§ **DATA BELOW**:
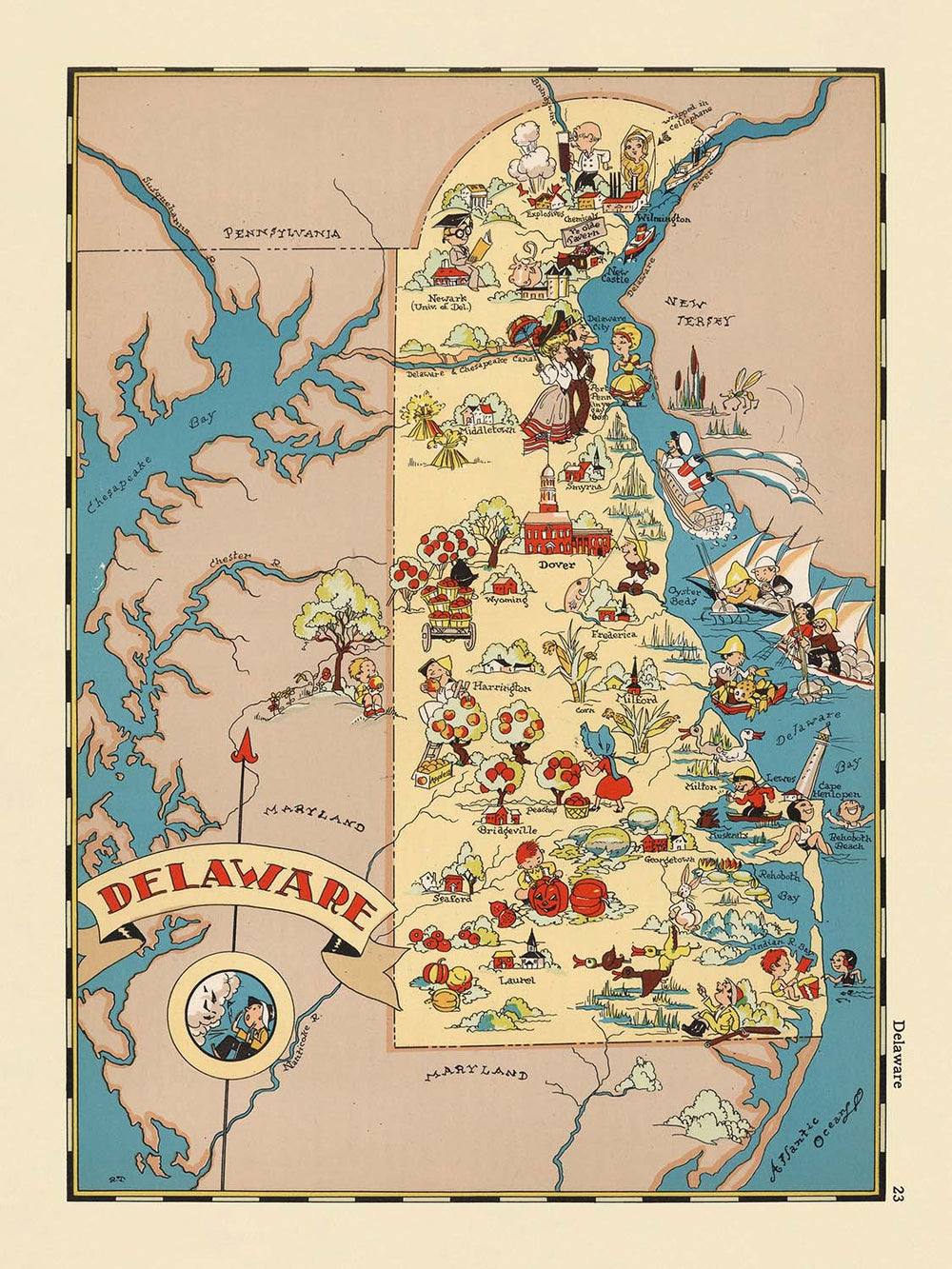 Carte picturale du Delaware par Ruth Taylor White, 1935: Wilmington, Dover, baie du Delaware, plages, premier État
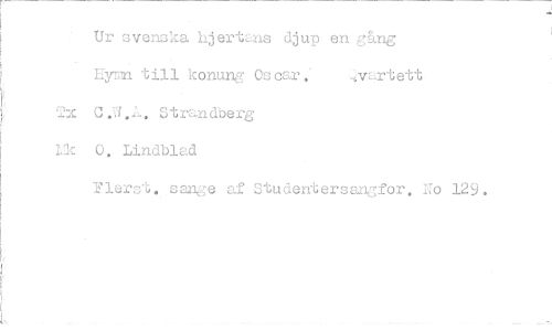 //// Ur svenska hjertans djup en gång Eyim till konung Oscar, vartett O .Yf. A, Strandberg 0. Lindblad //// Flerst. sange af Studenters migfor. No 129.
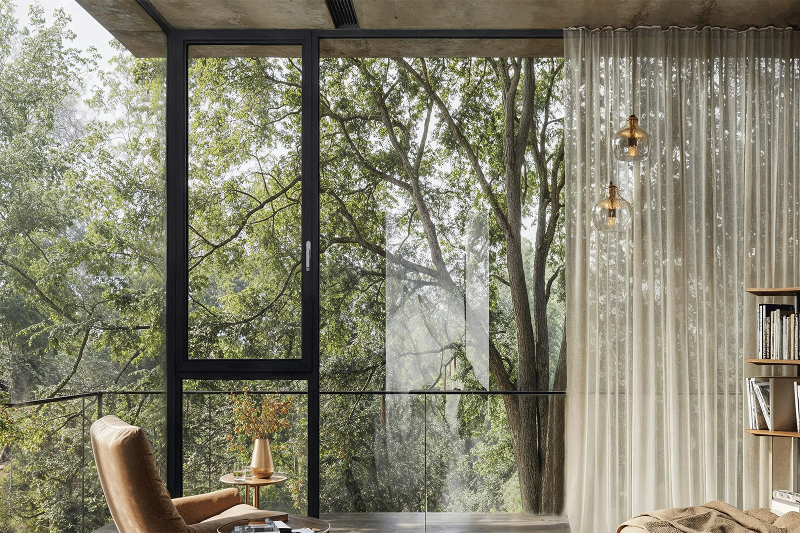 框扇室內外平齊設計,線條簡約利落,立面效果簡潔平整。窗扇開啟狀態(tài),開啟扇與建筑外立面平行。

§ **PROBLEM TO WORK ON**: Type the lines above out again exactly as they appear, skipping every picture.

§ **SOLUTION FOR THIS PROBLEM**:
 Carte picturale du Delaware par Ruth Taylor White, 1935: Wilmington, Dover, baie du Delaware, plages, premier État
 //// Ur svenska hjertans djup en gång Eyim till konung Oscar, vartett O .Yf. A, Strandberg 0. Lindblad //// Flerst. sange af Studenters migfor. No 129.
 框扇室內外平齊設計,線條簡約利落,立面效果簡潔平整。窗扇開啟狀態(tài),開啟扇與建筑外立面平行。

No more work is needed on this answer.